Reader should also be noted that different frequence estimation method uses capable of being combined is with complimentary to one another.One is inspired example will be to use DFT and AMDF(average amplitude difference function), this discusses institute in [hybrid algorithm (I) of 2.2.2.4 joint].As the method that has firm mathematical theory and confirmed by test in application US12804163, DFT provides cycle count accurately at gray level resolution place.Other algorithms of some of AMDF, have the ability of count cycle length (will determine fractional cycle counting) exactly.Use not enough data of some types of good (following defined by Suttability (S, E)) of its quality, possible AMDF identifies incorrect Cycle Length, because its finds the local minimum of locating in out of position.As the reparation to this, first DFT can be used to find the quantity of number of cycles P, and estimates from DFT result acquisition Cycle Length by division N/P, and this will be close to actual cycle length.We will use N/P as about estimation, and adopt AMDF to be positioned near the more meticulous actual cycle length of N/P.This will show in the chapters and sections of AMDF, and if other algorithms can combine with DFT or not comprise that other group algorithms of DFT can be combined to realize better result (comparing the single algorithm of independent use), will repeat to mention.
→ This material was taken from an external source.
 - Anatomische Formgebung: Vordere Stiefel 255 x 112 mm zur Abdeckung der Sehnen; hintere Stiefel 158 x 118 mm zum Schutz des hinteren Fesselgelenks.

In the disclosure, we are no less than ten algorithms for frequence estimation by discussion.The combination of two algorithms will have N
algorithm* N
algorithm>=10
2=100 types, and also may be by more algorithm combination together.Therefore there is no need also can not list all combinations.
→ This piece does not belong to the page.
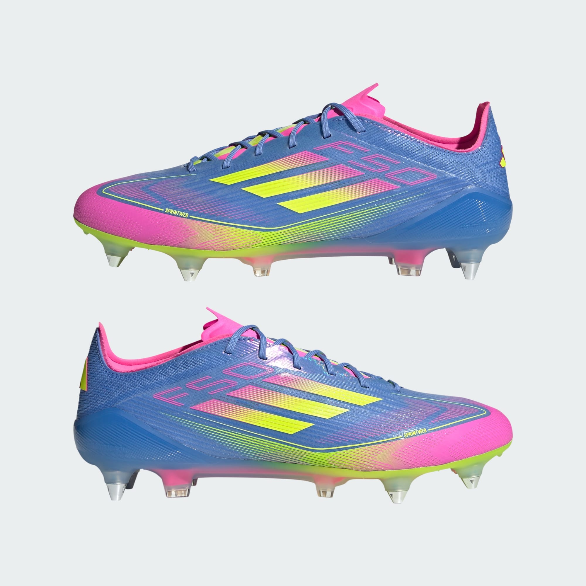 Push your pace to the limit in lightweight adidas F50 footwear engineered for speed. These Elite football boots have a thin Fibertouch upper with a Compression Fit Tunnel Tongue for lockdown and a Sprintweb 3D texture to help keep the ball close when you're flying. Designed for wet grass pitches, the springy Sprintframe 360 outsole delivers serious acceleration. This product features at least 20% recycled materials. By reusing materials that have already been created, we help to reduce waste and our reliance on finite resources and reduce the footprint of the products we make.

Helpful is herein to provide
well-formednessformal definition, well-formedness is the relation between special algorithm and specific data sets:
Well-formedness: for the specific data sets S of length N, by the viewed frequence estimation symbol E () of the clog-free people of vision and amount of cycles P,
Suitability (well-formedness)
ε (N) can be constant in decimal in N of haveing nothing to do, such as 0.5 or 1; Or it can be the function of the monotone increasing of N.Intuitively, if you only have the signal of length 10, the error of one-period is exactly intolerable certainly; If but you have the signal of length 1000, same error drops in tolerance certainly.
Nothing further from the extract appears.